Thank you so much, dear reader, for visiting my site and reading this far. I will do my best to make this journey pleasant and useful for you. Please comment below if you have any suggestions, or questions, or ideas, or even if you just want to say ‘hi’. I sincerely look forward to discussing science with you.
Science (at a given time, so long as better (i.e. simpler looking to human mind) description becomes available) rests upon a handful of laws and principles that try to explain all the observed phenomena. These laws are meant to be applicable to everything, even human brain which in fact is discovering these laws. Thus, it is the laws that make it possible for the human brain to discover themselves! Does anyone agree with this? If yes, are we really discovering anything at all? Isn’t it then like that the natural laws are finding our brains as a convenient memory storage device to imprint themselves? It seems a dead end. We maybe limited or even misguided by our brains.

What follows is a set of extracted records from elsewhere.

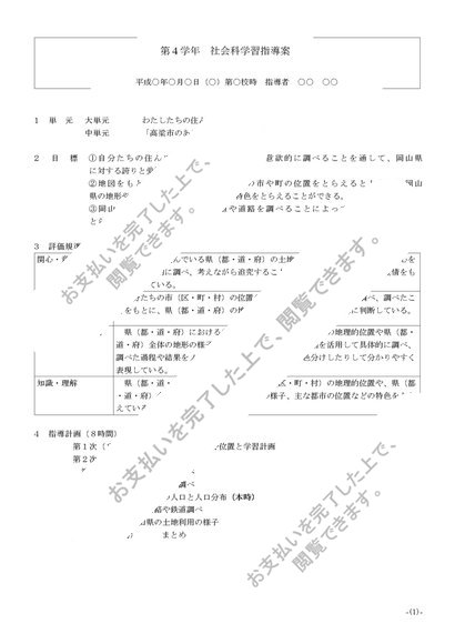 社会科教育法 「3年生または4年生の地域学習について、具体的な学習指導案を作成しなさい。」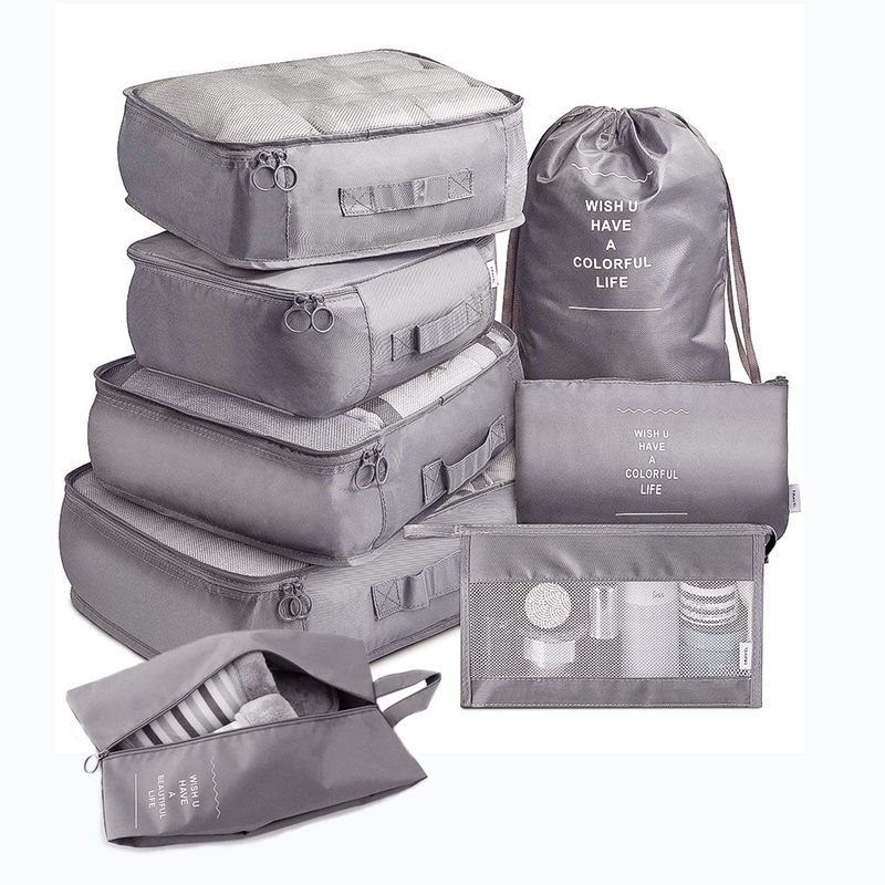8-piece Set Luggage Divider Bag Travel Storage Clothes Underwear Shoes Organizer Packing Cube Bag Gray 8 piece set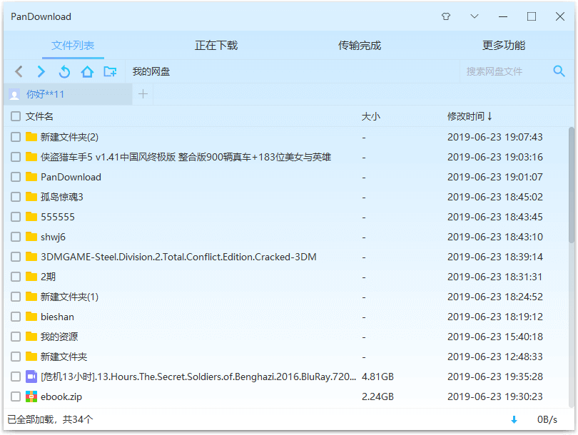 ②登录成功后会自动获取文件列表,之后就可以进行文件下载、分享、删除等操作啦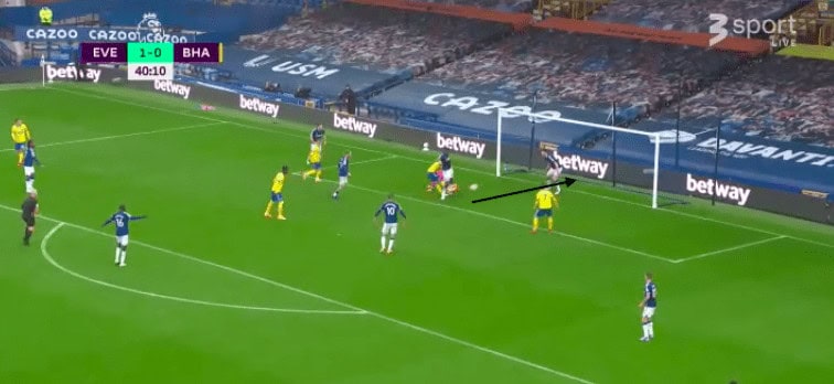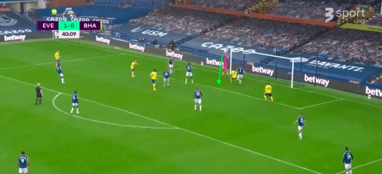 Against Brighton this season, Pickford made a bad error that luckily was not costly for his team. As a high ball goes up within his box, he’s in a great position to deal with it; he’s also under no pressure at all. However, Pickford drops the ball straight to Neal Maupay, who easily taps the ball home. Pickford’s incompetence under the high ball is proving to be a reoccurring problem. This is an example of an error that isn’t a technical fault. Much like the below example too.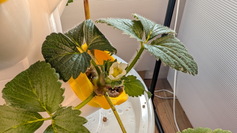 001 [01/02 13:52]Sweet'★1:モノタロウの水耕栽培用資材を見る限りでは、植物も電球ももっと密集しないと効率悪いのでは? あと根の遮光が充分か、横方向に成長するイチゴにそのポットの形が向いているのか気になります(葉野菜には最適だと思いますが) 葉の大きさや枚数等、生育が(結実に)充分か親御さんに訊いてみては? ↑(4)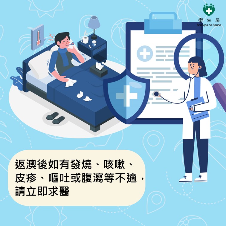 若在旅行期间或回澳后出现发热、发冷、皮疹、咳嗽、腹泻或呕吐等不适症状务必及时就医,并告知医生近期的旅行史以便进行正确诊断和治疗。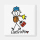 Um eletricista fixe em um boné azul segura um rolo de arame e uma caixa de ferramentas sobre T-shirts, canecas, capuzes, cartões, autocolantes, chaveiros, sacos de tota e outros roupa e presentes elétricos.

If however, there exists free will (we really are not tricked by our brain), then suddenly things come to life?
Science is a perfect tool to help us progressively understand many things around us (to breathtaking accuracies in some instances), the limit of which will be all the matter and all the interactions among them. This will hold, whether or not freewill exists. This I believe, nonetheless, is the greatest privilege (than any that I know of).
Thank you Shreya, for providing a platform to discuss and learn science (a lens to closely look into many important details of our universe). May your initiative and effort inspire many young readers, to take up science as carrier and contribute in its development.